* SOURCE RECORDS
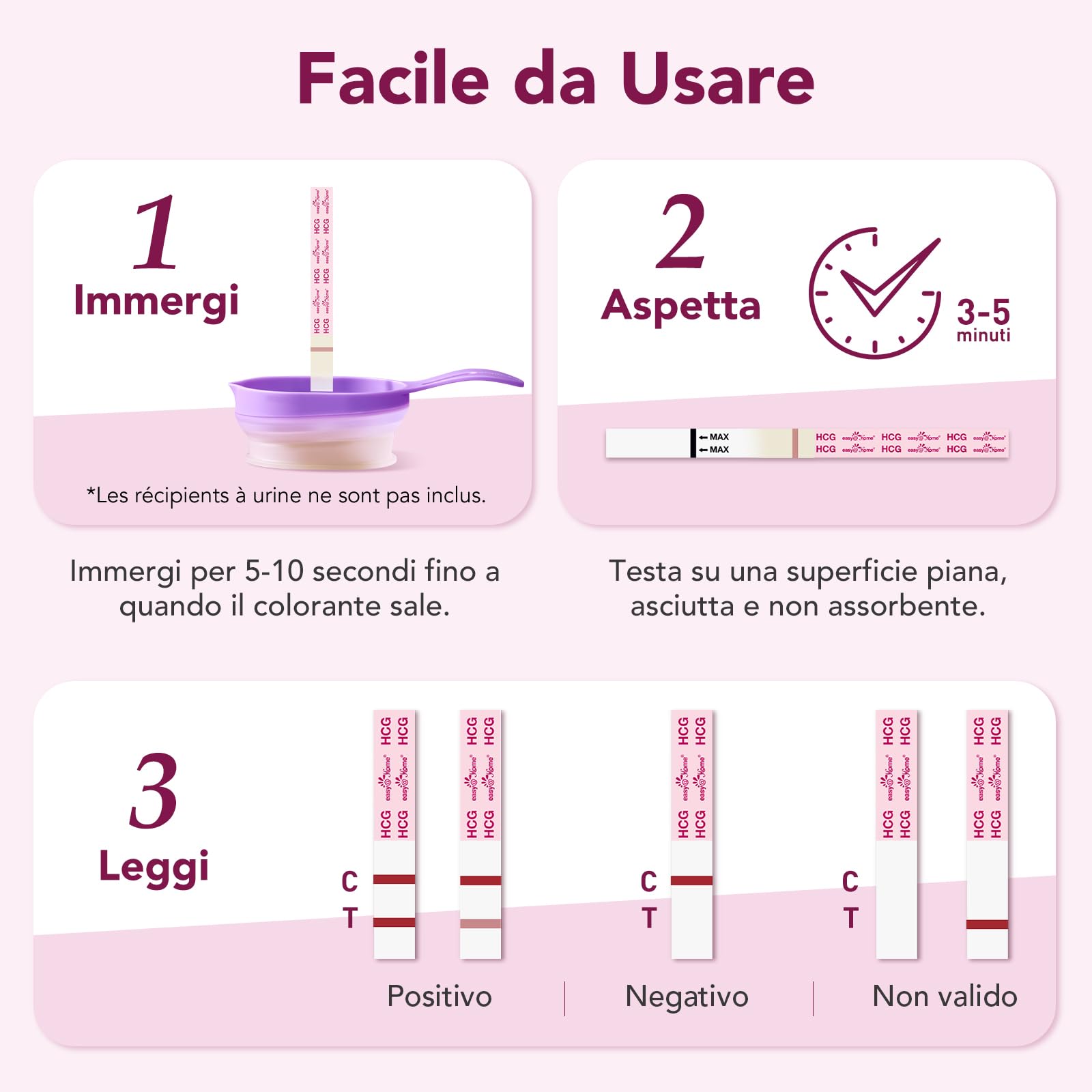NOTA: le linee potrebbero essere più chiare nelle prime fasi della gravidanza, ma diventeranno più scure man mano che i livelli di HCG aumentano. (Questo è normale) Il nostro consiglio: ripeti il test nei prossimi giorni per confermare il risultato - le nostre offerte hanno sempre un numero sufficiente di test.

* * *

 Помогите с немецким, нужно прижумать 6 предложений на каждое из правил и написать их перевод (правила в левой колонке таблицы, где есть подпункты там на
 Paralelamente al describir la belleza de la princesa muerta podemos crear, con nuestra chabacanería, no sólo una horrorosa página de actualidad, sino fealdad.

* WORK REQUEST
Output the lines above between the one holding "Помогите с немецким, нужно" and the one holding "Paralelamente al describir", inclusive, with nothing before or after them.

* COMPLETED EXERCISE
 Помогите с немецким, нужно прижумать 6 предложений на каждое из правил и написать их перевод (правила в левой колонке таблицы, где есть подпункты там на
 Paralelamente al describir la belleza de la princesa muerta podemos crear, con nuestra chabacanería, no sólo una horrorosa página de actualidad, sino fealdad.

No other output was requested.